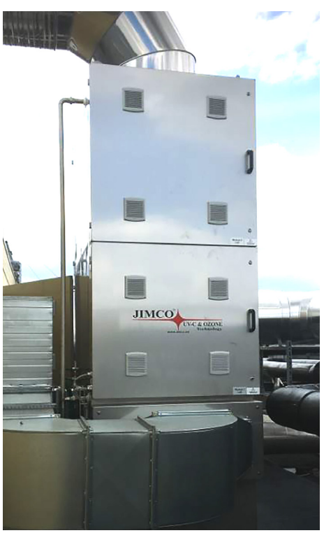
FLO-P with two doors 100 pcs. UV-C Lamps 81W or 165 W-HO lamps
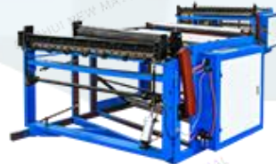
② Cutting Machine
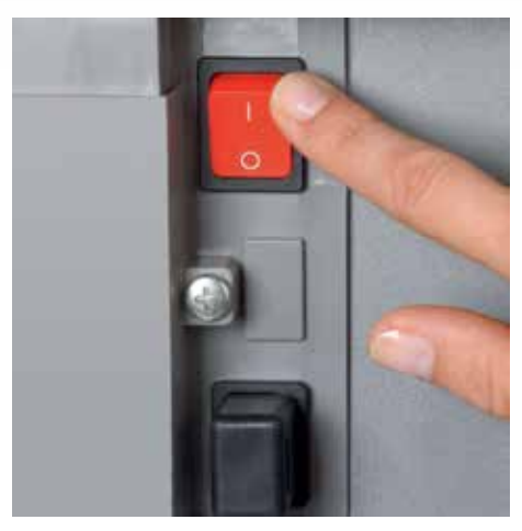
Separate main switch is located on the rear of the document shredder and completely disconnects it from the mains power supply
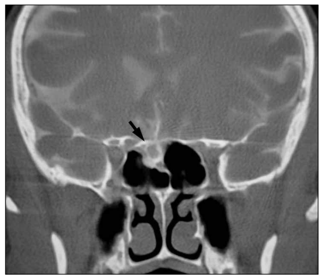
Figure 2: CT cisternography of the patient showing a sphenoid sinus roof defect and herniated pseudomeningocele beneath (arrow).

predisposes to potentially life-threatening consequences and sudden cerebral death occurs frequently by the involvement of the brain stem (9,24). After a non-lethal craniocerebral GW, various collateral damages could happen in the neighboring structures. One of them is skull base injury, which could cause CSFr (9).
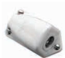
COAXIAL ANGLE SOCKET (30TV75S) 002389
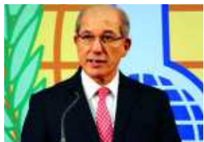
Organization for the Prohibition of Chemical Weapons Director General Ahmet Uzumcu holds a press conference in the Hague, the Netherlands, on Oct. 9, 2013.
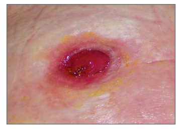
Off Centered Stoma Opening
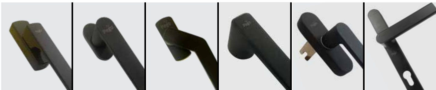
The concept of one family hardware: Sorano Series

My answer to this question will be very specific to only the fenestration industry in India. The splurge in demand posts the first lockdown has been more than what any of the pandits had predicted. It has made us all realise that while the nature of lockdowns will remain uncertain but the business will remain intact and positive.
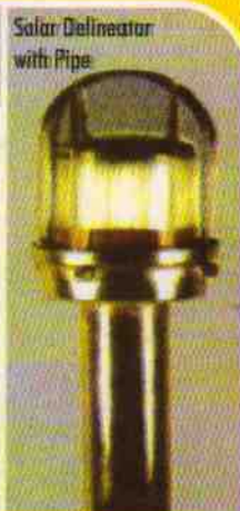
Solar Delineator with Pipe

---+---

Filter the records down to the lines containing the word "with", and copy those.

## RESULT:
FLO-P with two doors 100 pcs. UV-C Lamps 81W or 165 W-HO lamps
Solar Delineator with Pipe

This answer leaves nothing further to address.